Why two different volumes show up in black hole thermodynamics — and which one fits the first law
This paper explains a puzzle about energy and volume in rotating black holes that live in anti‑de Sitter space (a curved spacetime with a negative cosmological constant). Earlier work produced two different energy-like quantities for Kerr–anti‑de Sitter black holes. One, called E, fits the usual first law of black hole thermodynamics. The other, called F, obeys a related scaling law (a Smarr relation) in which the volume that appears is a simple geometric or “vector” volume. The author asks why E is needed for the first law while the geometric volume appears naturally in the F–Smarr law.
To answer this, the author builds a conserved‑charge framework adapted to Kerr–Schild representations of the spacetime. He follows methods of Barnich and Compère to define a (D−2)-form I_χ for any symmetry (Killing vector) χ. Integrating that form over a surface around the black hole gives a conserved quantity H^I_χ. When χ is the asymptotically nonrotating, hypersurface‑orthogonal Killing vector ξ, H^I_ξ equals E. When χ is a different vector β, related to the divergence of the principal conformal Killing–Yano tensor (a special geometric object denoted h), H^I_β equals F. The Kerr–Schild decomposition is used to separate the black hole spacetime into a background anti‑de Sitter metric plus a perturbation, which makes these charge integrals tractable.
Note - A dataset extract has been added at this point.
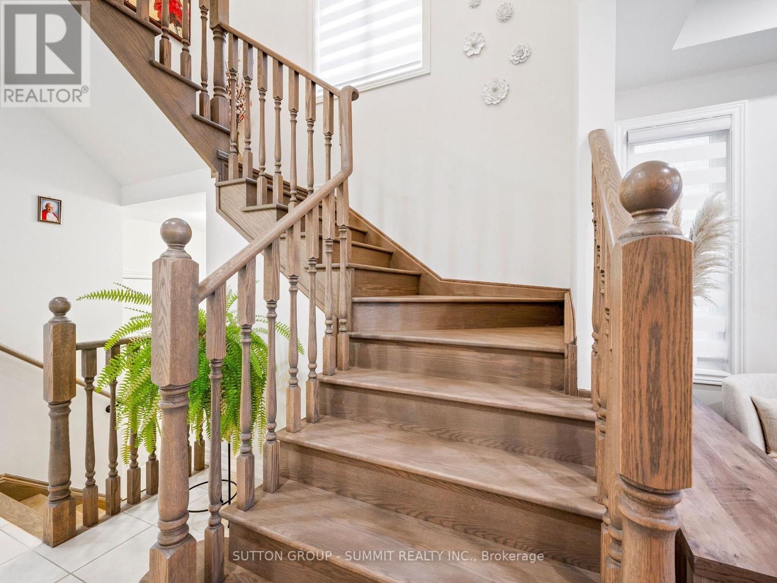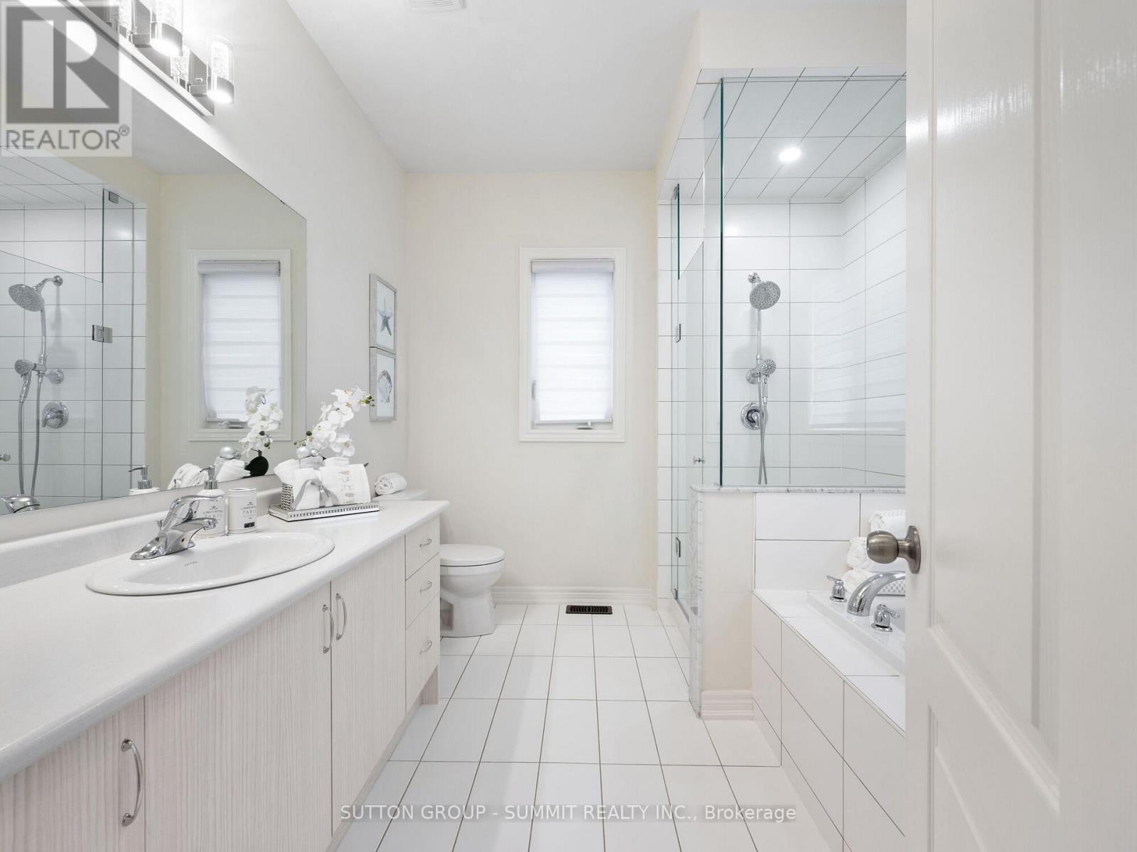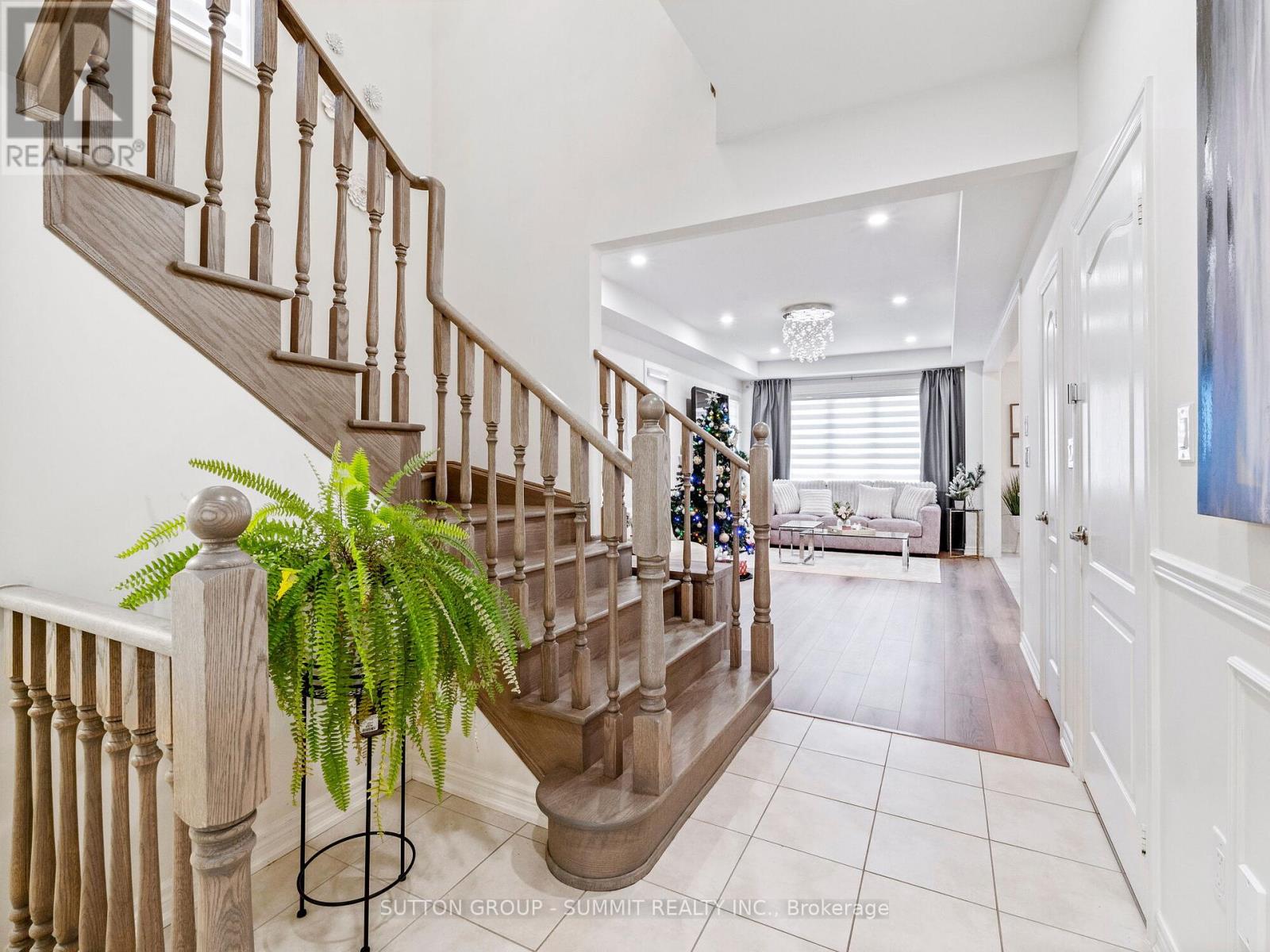 Prepare to be captivated by this remarkable 4 bedroom 3 bath residence, crafted by the Starlane Home!This home features 1975 sq feet of high-quality upgrades that beautifully combine with modern charm. As you step inside, you'll be greeted by impressive 9' ceilings on both levels, a delightful open-concept layout, gorgeous hardwood fl., and an abundance of natural light. It truly creates a cozy and inviting atmosphere that makes you feel right at home! The heart of this home is the impressive upgraded kitchen, featuring a double pantry, a central island with breakfast bar, sleek granite countertops, modern backsplash, and top-of-the-line stainless steel appliances all thoughtfully designed to elevate your culinary adventures. A stunning staircase, perfectly coordinated with the hardwood fl., leads you to the exquisite master retreat. Here, youll find a spacious bedroom overlooking the lush yard, a generous walk-incloset, and a luxurious en-suite bathroom complete with a soothing soaking tub and a separate frameless glass shower. The second bedroom, adorned with a spacious double closet and a charming balcony that offers a lovely view, is perfect for hosting family and friends or serving as a cozy guest retreat. Two additional bright bedrooms, each filled with natural light and potential, are ready for your personal touch, whether you envision children's playroom,home office, or another guest space. Meanwhile, the stylish 4-piece main bathroom, featuring modern fixtures and elegant finishes, provides a refreshing and comfortable experience,completing the second floor's appeal. Experience the convenience of main-floor laundry with direct garage access, a rough-in for central vacuum, cozy gas fireplace, and upgraded potlights throughout the main floor. The impressive curb appeal, highlighted by beautifully landscaped grounds, a large covered porch, and an appealing stone-brick exterior, will fill you with pride every time you come home. Close to Hwys 407, QEW (id:51158)

At a conceptual level the paper shows why the first law works for E but not for F. The first law with a variable cosmological constant (interpreted as pressure P) and its conjugate thermodynamic volume V_th requires that both the background anti‑de Sitter metric and the Killing vector used to build the charge have components that do not change under the allowed variations. That is true for ξ but not for β. Because β’s components depend on structures that vary with the black hole parameters, H^I_β does not yield quantities that satisfy the first law. Separately, algebraic simplifications tied to the principal conformal Killing–Yano tensor h make the vector or geometric volume V_geo (which the author shows equals the vector volume V_C) appear naturally in the Smarr relation associated with β.